▶ [What the task asks]:
Scan the entries below for the string "with" and copy every line where it turns up.

▶ [Exercise inputs]:

###

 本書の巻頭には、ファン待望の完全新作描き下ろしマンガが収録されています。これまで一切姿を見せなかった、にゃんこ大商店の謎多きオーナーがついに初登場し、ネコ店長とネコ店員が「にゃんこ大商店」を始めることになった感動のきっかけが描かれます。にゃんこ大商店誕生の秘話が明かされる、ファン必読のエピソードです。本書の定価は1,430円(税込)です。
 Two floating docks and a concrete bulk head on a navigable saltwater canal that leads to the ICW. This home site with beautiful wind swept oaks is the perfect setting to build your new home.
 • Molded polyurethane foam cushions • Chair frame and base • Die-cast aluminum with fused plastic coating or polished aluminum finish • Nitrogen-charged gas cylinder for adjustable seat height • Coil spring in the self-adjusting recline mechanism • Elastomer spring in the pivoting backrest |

###

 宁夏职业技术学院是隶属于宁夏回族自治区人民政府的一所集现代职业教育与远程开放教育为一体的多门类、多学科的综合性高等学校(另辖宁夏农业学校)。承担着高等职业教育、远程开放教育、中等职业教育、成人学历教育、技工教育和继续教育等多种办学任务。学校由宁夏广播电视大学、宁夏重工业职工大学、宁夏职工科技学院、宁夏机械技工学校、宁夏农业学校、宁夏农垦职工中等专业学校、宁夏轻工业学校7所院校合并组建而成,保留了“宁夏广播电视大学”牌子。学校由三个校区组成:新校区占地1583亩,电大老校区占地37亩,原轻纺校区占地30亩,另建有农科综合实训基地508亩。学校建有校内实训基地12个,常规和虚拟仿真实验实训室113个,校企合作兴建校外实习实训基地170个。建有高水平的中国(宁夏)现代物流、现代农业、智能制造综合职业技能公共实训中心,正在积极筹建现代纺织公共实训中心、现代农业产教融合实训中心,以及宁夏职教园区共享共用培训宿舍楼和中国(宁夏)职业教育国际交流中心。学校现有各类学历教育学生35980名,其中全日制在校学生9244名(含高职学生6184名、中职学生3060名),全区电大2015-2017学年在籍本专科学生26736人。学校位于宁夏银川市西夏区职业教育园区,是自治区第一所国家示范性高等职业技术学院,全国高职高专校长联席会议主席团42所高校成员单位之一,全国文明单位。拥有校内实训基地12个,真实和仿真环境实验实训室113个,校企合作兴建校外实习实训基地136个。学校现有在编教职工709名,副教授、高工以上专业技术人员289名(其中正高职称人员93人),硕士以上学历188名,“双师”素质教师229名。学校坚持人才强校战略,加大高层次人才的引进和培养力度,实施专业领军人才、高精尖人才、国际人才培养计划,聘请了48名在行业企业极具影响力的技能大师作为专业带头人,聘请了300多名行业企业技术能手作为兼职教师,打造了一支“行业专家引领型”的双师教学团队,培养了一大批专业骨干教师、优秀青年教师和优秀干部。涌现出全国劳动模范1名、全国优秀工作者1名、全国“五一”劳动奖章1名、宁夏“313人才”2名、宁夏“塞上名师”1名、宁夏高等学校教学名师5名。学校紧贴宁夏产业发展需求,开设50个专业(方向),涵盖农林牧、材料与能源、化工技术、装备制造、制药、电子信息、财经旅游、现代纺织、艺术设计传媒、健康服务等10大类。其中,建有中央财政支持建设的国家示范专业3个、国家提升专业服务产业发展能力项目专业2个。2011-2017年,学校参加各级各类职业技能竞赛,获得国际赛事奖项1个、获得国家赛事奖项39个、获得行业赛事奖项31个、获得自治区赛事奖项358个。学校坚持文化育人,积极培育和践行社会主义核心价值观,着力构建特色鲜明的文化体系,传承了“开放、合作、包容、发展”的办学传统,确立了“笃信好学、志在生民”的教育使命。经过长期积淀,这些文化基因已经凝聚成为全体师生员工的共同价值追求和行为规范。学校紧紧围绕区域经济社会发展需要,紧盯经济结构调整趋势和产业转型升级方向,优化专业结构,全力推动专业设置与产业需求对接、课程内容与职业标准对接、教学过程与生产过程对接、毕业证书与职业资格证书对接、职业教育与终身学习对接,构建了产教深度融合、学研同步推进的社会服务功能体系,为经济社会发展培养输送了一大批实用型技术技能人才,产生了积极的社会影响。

###

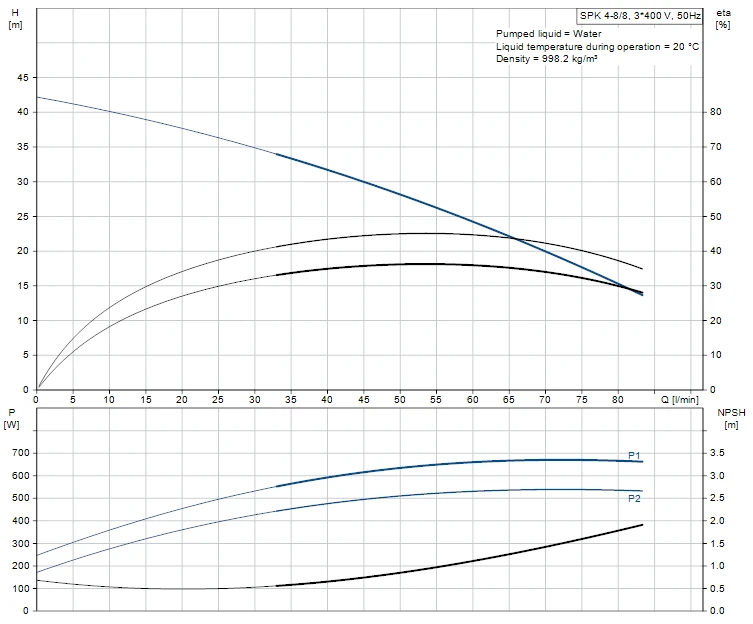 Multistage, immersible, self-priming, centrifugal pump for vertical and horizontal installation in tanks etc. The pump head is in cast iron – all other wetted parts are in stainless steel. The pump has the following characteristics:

###

▶ [Output for this task]:
 Two floating docks and a concrete bulk head on a navigable saltwater canal that leads to the ICW. This home site with beautiful wind swept oaks is the perfect setting to build your new home.
 • Molded polyurethane foam cushions • Chair frame and base • Die-cast aluminum with fused plastic coating or polished aluminum finish • Nitrogen-charged gas cylinder for adjustable seat height • Coil spring in the self-adjusting recline mechanism • Elastomer spring in the pivoting backrest |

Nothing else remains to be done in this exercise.